Ник мало кого пускает за ворота собственных стен. И те, кто предал однажды, без раздумий выставляются вон. Я помню. Сама видела.
Под гнетом тех ощущений, хочется развернуться и бежать, и когда я уже почти готова сорваться, дверь в спальню медленно открывается.
Тяжело выдохнув, Ник проходит внутрь, стягивает с плеча лямку рюкзака, бросает его в угол, и вдруг застывает, пронизывая меня взглядом.
Все мысли из головы тут же испаряются.
– Виола?
– Надо поговорить, – шепчу я.
Мир замирает. Тишина окутывает все вокруг, а дальше происходит то, чему я никогда не смогу найти объяснения.
В темноте с глухим стуком падает с плеч кожаная куртка, мы одновременно делаем шаг вперед, ладони Ника обхватывают мое лицо, касаясь большими пальцами подбородка.
– Я так по тебе скучала, – шепчу я, подаваясь вперед, и мой выдох становится его вдохом.
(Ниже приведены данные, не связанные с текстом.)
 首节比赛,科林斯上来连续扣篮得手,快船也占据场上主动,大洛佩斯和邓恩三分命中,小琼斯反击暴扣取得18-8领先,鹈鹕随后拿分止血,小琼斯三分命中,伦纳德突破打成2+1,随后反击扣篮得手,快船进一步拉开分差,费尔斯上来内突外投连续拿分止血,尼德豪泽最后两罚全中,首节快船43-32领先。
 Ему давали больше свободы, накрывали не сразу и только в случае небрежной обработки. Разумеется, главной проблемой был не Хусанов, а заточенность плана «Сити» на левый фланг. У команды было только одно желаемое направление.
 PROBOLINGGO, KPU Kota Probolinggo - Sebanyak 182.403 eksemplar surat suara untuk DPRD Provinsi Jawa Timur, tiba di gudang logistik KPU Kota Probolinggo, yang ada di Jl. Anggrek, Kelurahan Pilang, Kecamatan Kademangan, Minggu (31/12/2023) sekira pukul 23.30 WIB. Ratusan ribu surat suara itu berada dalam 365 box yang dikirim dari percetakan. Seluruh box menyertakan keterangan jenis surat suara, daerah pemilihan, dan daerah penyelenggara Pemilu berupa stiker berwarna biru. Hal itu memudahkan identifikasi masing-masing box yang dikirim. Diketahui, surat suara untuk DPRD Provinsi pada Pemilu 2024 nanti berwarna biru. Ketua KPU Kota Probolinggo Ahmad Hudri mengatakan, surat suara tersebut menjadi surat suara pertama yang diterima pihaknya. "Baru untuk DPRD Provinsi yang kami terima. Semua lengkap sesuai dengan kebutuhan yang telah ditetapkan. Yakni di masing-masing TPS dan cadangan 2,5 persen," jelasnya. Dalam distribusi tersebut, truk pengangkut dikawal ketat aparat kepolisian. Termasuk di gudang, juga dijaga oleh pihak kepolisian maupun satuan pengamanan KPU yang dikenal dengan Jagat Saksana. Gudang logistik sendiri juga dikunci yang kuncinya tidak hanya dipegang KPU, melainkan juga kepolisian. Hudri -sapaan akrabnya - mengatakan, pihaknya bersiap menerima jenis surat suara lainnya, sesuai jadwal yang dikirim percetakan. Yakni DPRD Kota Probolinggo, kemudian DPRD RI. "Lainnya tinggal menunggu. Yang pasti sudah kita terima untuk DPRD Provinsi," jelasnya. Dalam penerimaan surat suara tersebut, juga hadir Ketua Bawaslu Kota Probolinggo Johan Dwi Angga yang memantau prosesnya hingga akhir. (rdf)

Поцелуй выходит сразу глубокий, жадный, вспыхивающий жаром по всему телу.
На этот раз я целую его сама, закрыв глаза и вцепившись пальцами в плечи, потому что меня буквально сносит взрывной волной. От того, как его язык проскальзывает между губ. Как в этот момент тело сводит судорогой, будто наступил на электрический провод, и я выгибаюсь навстречу. Потому что так правильно, тело решает за тебя. И вместо того, чтобы отстраниться и разорвать эту электрическую цепь, я прижимаюсь ближе, еще теснее.
Никакие сомнения не смогут заставить меня оторваться от его губ, потому что полторы недели друг без друга кажутся вечностью. От окутывающего знакомого запаха вдруг хочется плакать.
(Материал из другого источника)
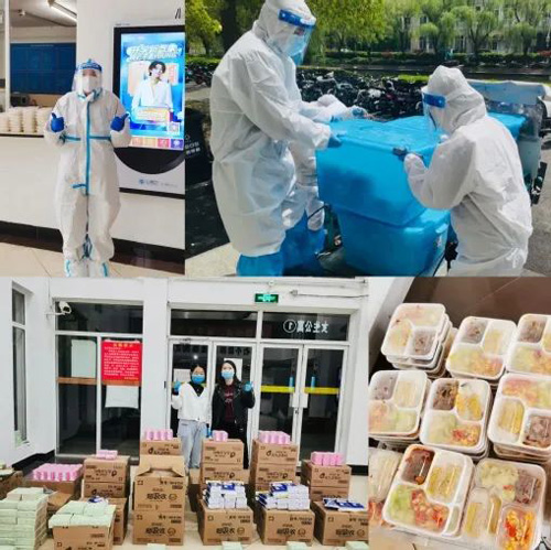 校园静态管理期间,学生党员、退伍大学生、楼层长与校领导、教授、辅导员、行政管理人员、后勤保障人员等共同组成了餐食物资的“接力队伍”。一双双把握生命脉搏的手,在无声的挥汗如雨中,接续传递校园脉搏。
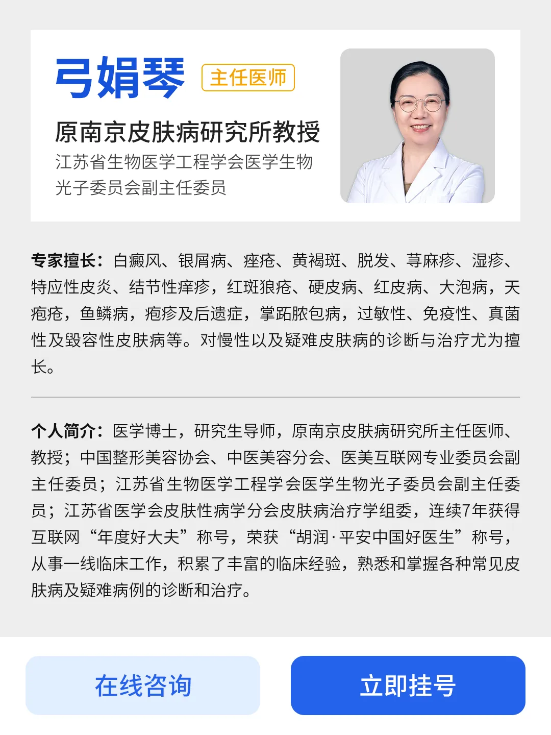 弓娟琴教授是医学博士、研究生导师,从事皮肤科临床工作40余年,在原南京皮肤研究所一线工作期间,积累了大量疑难皮肤病诊疗案例。她擅长各类常见及疑难皮肤病的诊治,尤其在白癜风、荨麻疹、脱发等疾病的诊疗上有着独特优势,诊疗方案精准、高效,深受患者喜爱。
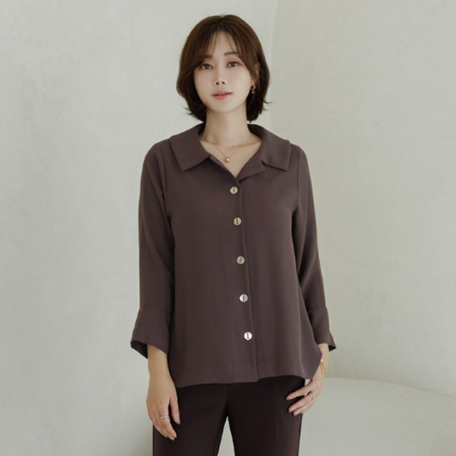 엄마옷 블라우스 카라 오픈 무지 셔링 603BNM279 중년여성/50대/60대/마담/빅사이즈/할머니옷
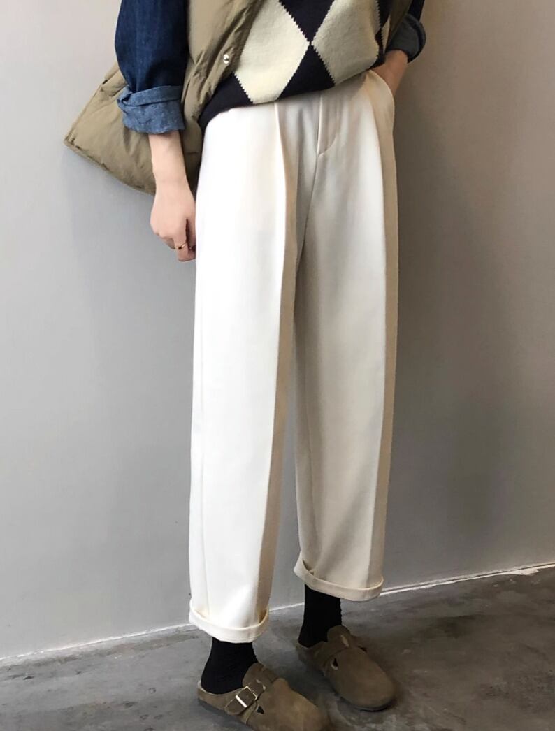 パンツ ボトムス ストレートパンツ ロングパンツ ワイドパンツ ロング 9分丈 クロップド丈 ワイド ストレート オーバーサイズ ポケット ウエストゴム シンプル カジュアル おしゃれ かっこいい レトロ こなれ感 ラフ メンズライク ボーイッシュ ルーズ 個性的 モード系 抜け感 カレッジ風 アクティブ 休日感 ジェンダーレス 無地 秋 冬 オフィス 学生 学校 お出かけ アウトドア 旅行 休日 ショッピング 楽ちん 体型カバー 普段使い 着回し トレンド ゆったり 暖か ホワイト ベーシックカラー

Как я могла сомневаться раньше?
Горячая ладонь ложится на мою шею, притягивая ближе, не давая «сбежать» ни на дюйм в сторону. «Мы никогда не будем друзьями», – сказал Ник однажды ночью, лежа на полу придорожного мотеля. Теперь это как день ясно. Жаль, чтобы понять, у меня ушло слишком много времени.
Мы выдыхаем одновременно. В его глазах небо заволакивает чернота. Ник резко подхватывает меня на руки, притягивая за бедра, заставляя охнуть, и я обвиваю ногами его поясницу. Буквально повиснув на нем.
Его руки крепче сжимаются на моих бедрах. Он опускает меня, усаживая на комод, нависая сверху и вжимаясь между ног. Я вспоминаю, как точно также мы стояли в том роскошном доме в Хелдшире. Когда Ник прижимал меня к подоконнику, касаясь разгоряченным торсом развилки бедер, и по спине бегут мурашки.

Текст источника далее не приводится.